Oxides are catalysts for many important chemical transformations, and they have been the subject of many decades of investigation. In some cases, significant aspects of their synthesis and of the operative catalytic mechanisms are quite well understood, while in other cases, there remain critical gaps in understanding.
Counterintuitively, this talk will focus on the former, well-understood oxide catalysts, or more specifically, on their active sites. This talk will argue that because fundamental aspects of their structure and function are generally agreed upon, they can be transplanted – in a rational way – into new materials or new reactive environments, which can lead to improved performance and new understanding.
Three vignettes will be discussed, covering three different length scales of new environments. These length scales begin with placing a known catalyst in a very atypical reaction medium in order to carry out tandem, orthogonal catalysis. Here that means finding a catalyst to use the H2O2 byproduct found in the effluent of a microbial electrochemical cell to carry out a selective oxidation reaction.
At the next scale down, we demonstrated that the strong Brønsted acid phosphotungstic acid (PTA) could be incorporated into the pores of the Zr-based metal organic framework (MOF) NU-1000. In doing so, we created the first MOF catalyst active for alkane skeletal isomerization, (e.g. xylene isomerization). Confinement of PTA within the MOF pores led to markedly different selectivity than that of a chemically similar WOx/ZrO2 catalyst, opening up many new avenues of investigation.

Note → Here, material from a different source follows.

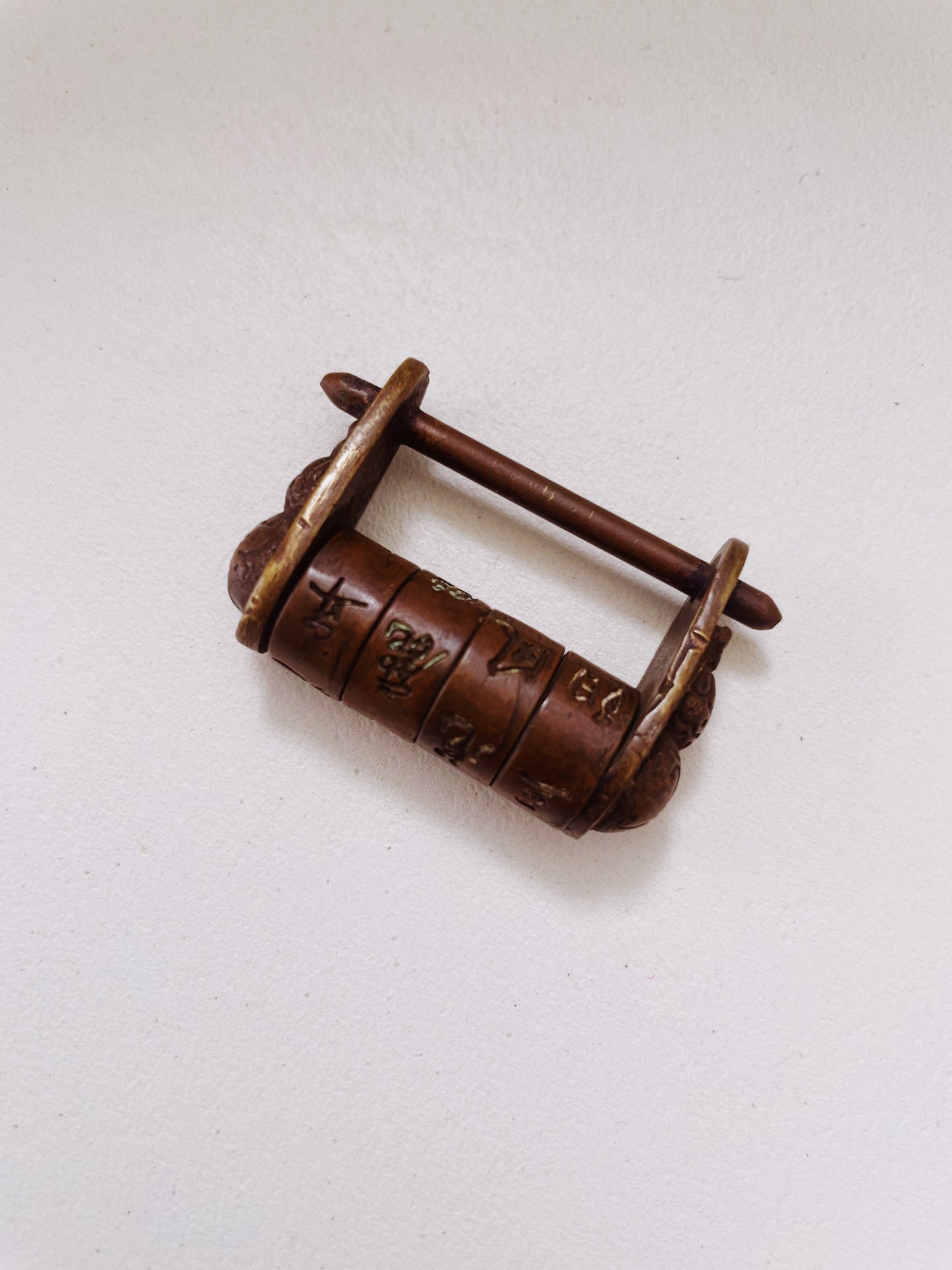 a curious trinket picked up in the midst of vintage sourcing. a brass lock with a rotating cylinder of chinese characters inscribed. after extensive searching online this seems to be a modern replica of old chinese suitcase locks, and now known to be some sort of game to unlock. try your luck if you will!

Finally, we developed methods to deposit controlled amounts of silica around and over the active sites of a conventional Ti-SiO2 selective oxidation catalyst. This allows construction of confined spaces only within 1 nm of an active site, which can help lower apparent activation energies for catalysis, without negatively impacting transport to the active site. This last vignette is an example of moving beyond identification of a catalytic phenomenon (e.g. confinement effects) to beginning to be able to control it rationally in designed materials.